A recent case in point: A woman in Pennsylvania reported a break-in and told police she was awoken from sleeping by the intruder. Coupled with a lack of physical evidence outside the home, the woman's Fitbit showed that she was up walking around throughout the entire night. She ended up being charged with filing a false police report.
There are additional reports of Fitbit's helping to convict a husband of murder, and recordings from Amazon Echo used as legal evidence (Amazon released the data for the case only after the defendant gave the okay).
The bottom line: Many people have some type of device tracking their every movement, whether it's their phone, a fitness tracker, or a smart watch. Additionally, with the ease of use and abundance of home security cameras, digital doorbells and smart home assistants like Echo and Google Home, it is getting increasingly difficult to hide any types of crimes from being recorded by something.
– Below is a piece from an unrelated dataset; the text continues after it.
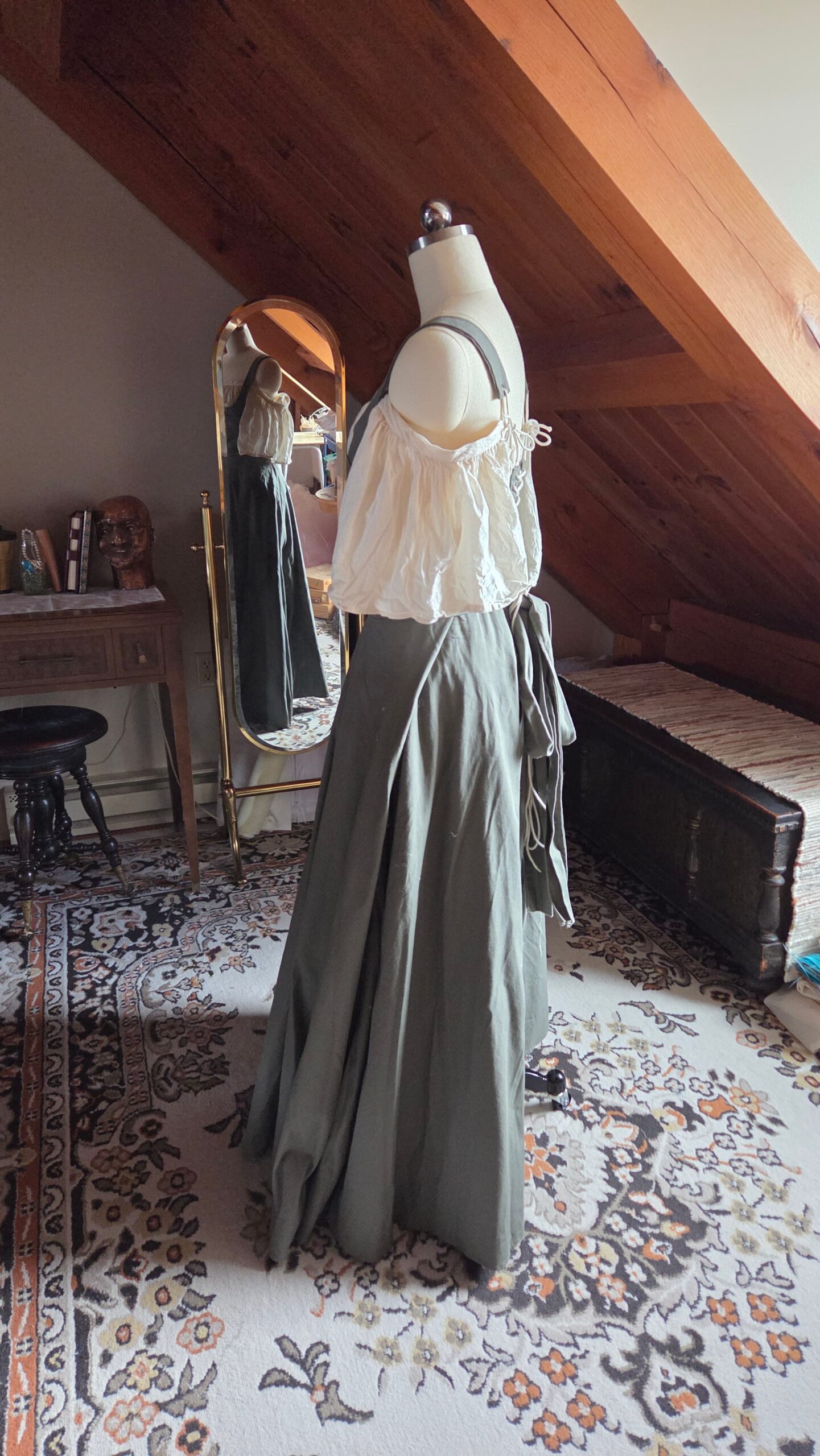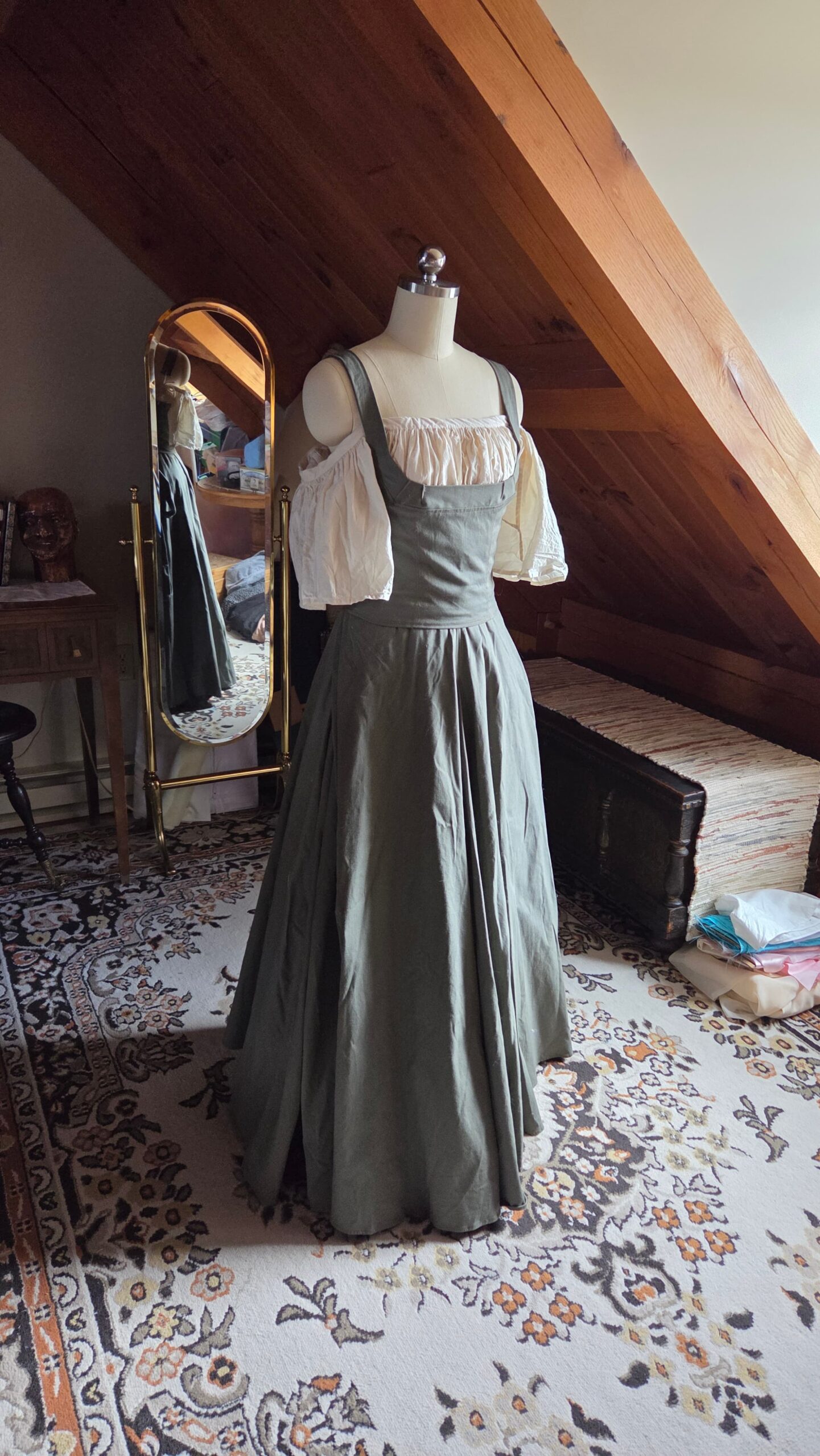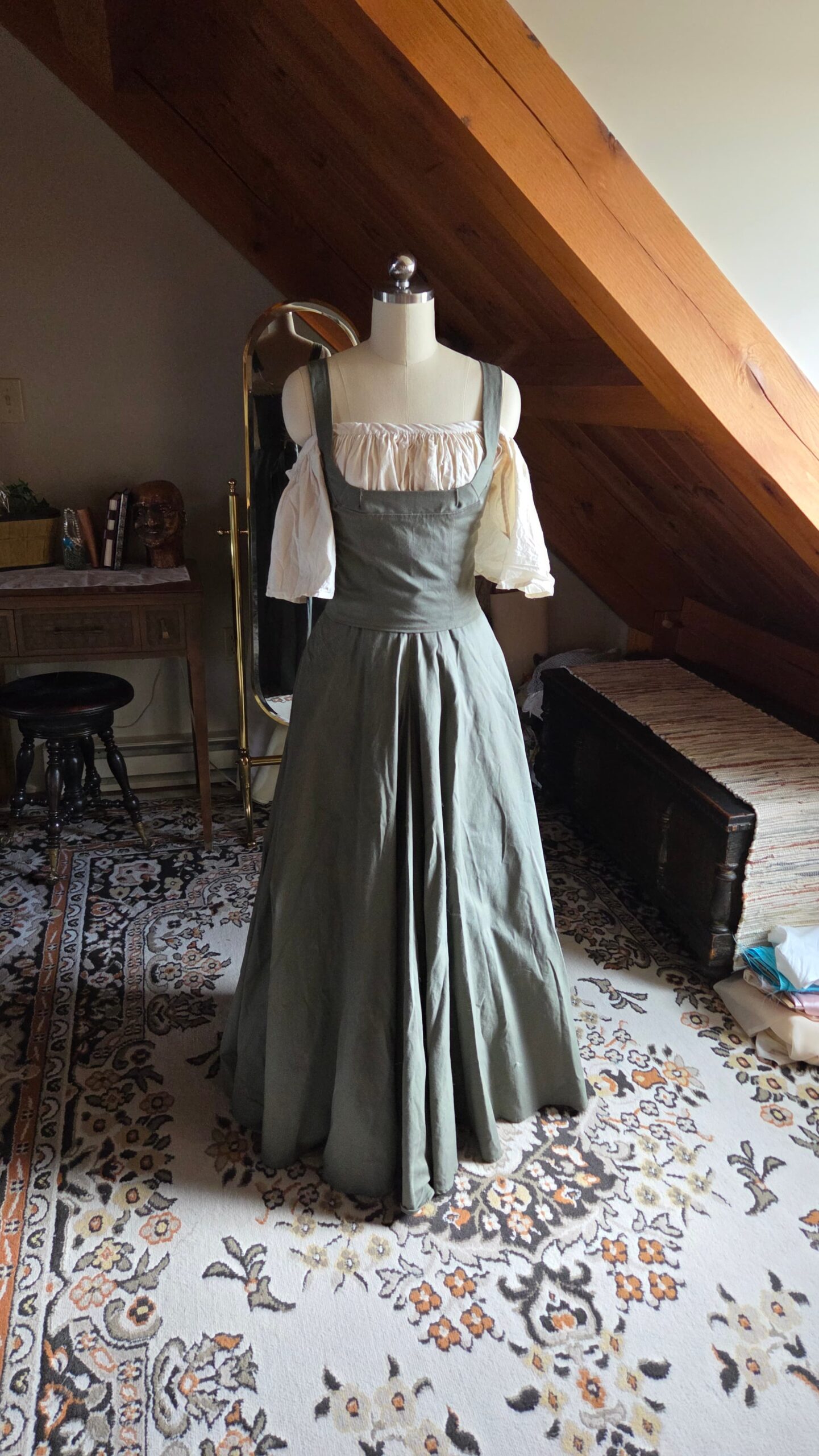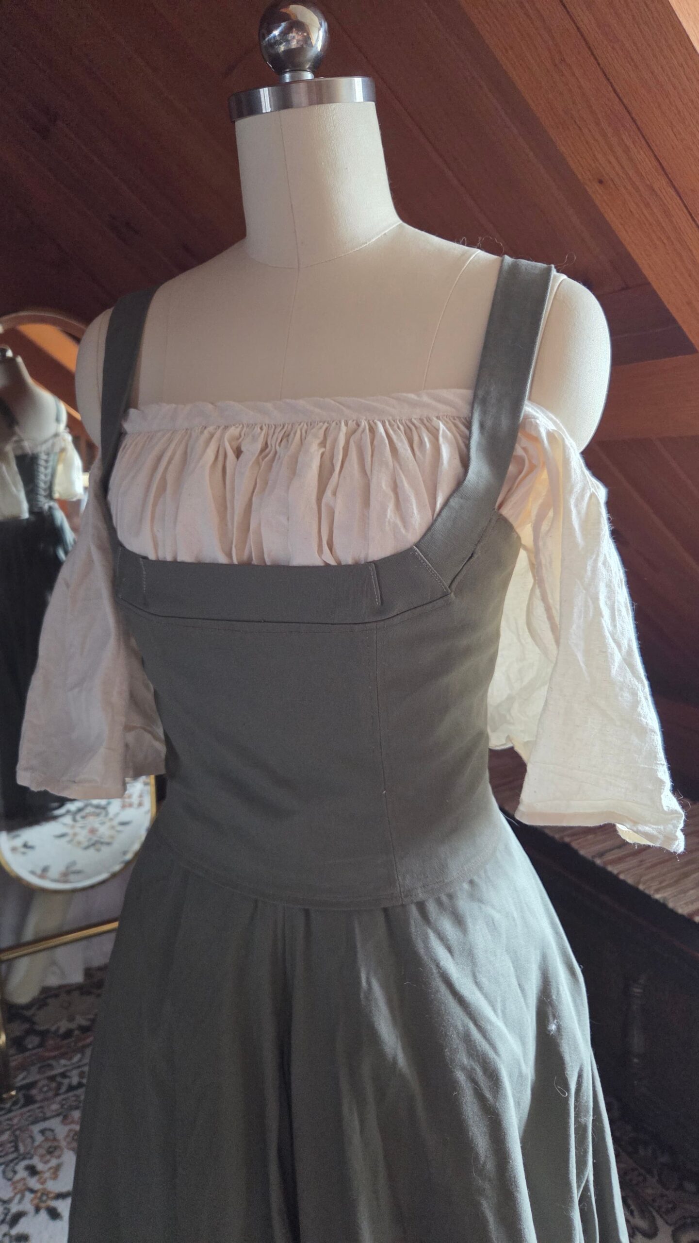 This top was loosely inspired by medieval peasant dresses and designed to pair with my floor‑length green skirt. Together, they create a complete costume ensemble that can be styled with a chemise or a billowy blouse for different looks. The piece is made from cotton and constructed with lacing, ribbon, and metal grommets.

New Solution for Digital Investigations
Some software companies are looking to build businesses around the mobile data gathering trend. For instance, Guidance Software has expanded its EnCase digital forensic investigation solution to include EnCase Mobile Investigator.
Previously, investigators needed to utilize several different solutions to gather evidence from multiple device types. Leveraging Encase Mobile Investigator, crime fighters, prosecutors and defendants can gather data from a variety of devices including smartphones running Apple iOS, BlackBerry software, Android, and Microsoft Windows, as well as tablets, GPS devices, and other media devices.
Once gathered the software will then dig through the massive amount of data to locate potential evidence, and report those findings to the investigators. This includes the ability to analyze text messages, photos, emails, app data, deleted data, and other crucial information.
EnCase products are already accepted in courts worldwide, with EnCase Mobile Investigator being released for general availability in late June, the company says.